I know I’m being completely ridiculous, which makes it even more of a problem. I mean, if I know it’s there, it shouldn’t be too big of a deal to rid myself of it, right? I’ve talked about this with my husband and he has the simplest solution: “Just let it go, no one expects you to do everything”. Well, if it only was that simple my love. The fact is that I myself seem to expect me to be capable of doing it all. I seem to expect myself to be the super mom who is a perfect caretaker for her two autistic kids while managing to have an exciting career, eating healthy and stay in shape, is the fun and sexy wife, attentive friend and daughter who keeps a clean and lovely home, everything done with a smile on her face. Not living up to this standard is a failure, right? …a natural reason for feeling guilty, right?
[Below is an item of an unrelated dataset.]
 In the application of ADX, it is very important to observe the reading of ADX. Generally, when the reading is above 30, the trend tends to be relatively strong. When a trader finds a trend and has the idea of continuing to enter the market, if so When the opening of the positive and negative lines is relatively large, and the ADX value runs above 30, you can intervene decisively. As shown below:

Well, I went online and started to investigate and guess what I found? This does indeed seem to be a women’s problem. I found a lot of articles about how women in general, seem to expect a lot from themselves and when not living up to those pretty unreachable standards, become consumed with guilt. I guess we aren’t very nice to ourselves, huh! In my search I stumbled upon Vickie Champion’s website, that I really recommend you take a look at, and hope that with my extensive linking and name-dropping, she’ll be fine with me quoting some of her very good points.
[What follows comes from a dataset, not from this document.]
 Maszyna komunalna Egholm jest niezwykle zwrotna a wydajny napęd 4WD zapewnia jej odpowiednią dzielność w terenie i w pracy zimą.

Amongst many other things, Vickie made a wonderful list of 10 popular things women feel guilty about (I highly recommend it!) and I for one, made a lot of nodding while reading it over. So here is her list of popular things that make us feel guilty:

  1. Eating forbidden foods
  2. Being a working mom
  3. Doing nothing
  4. Eating chocolate
  5. Relaxing
  6. Not having a knock-em dead body
  7. Spending too much money
  8. Not doing more to take care of her and her husband’s parents
  9. Spending money on self-growth, hobbies, or self care
  10. Receiving praise we feel is undeserved

Anyone else but me nodding??? Yup, thought so.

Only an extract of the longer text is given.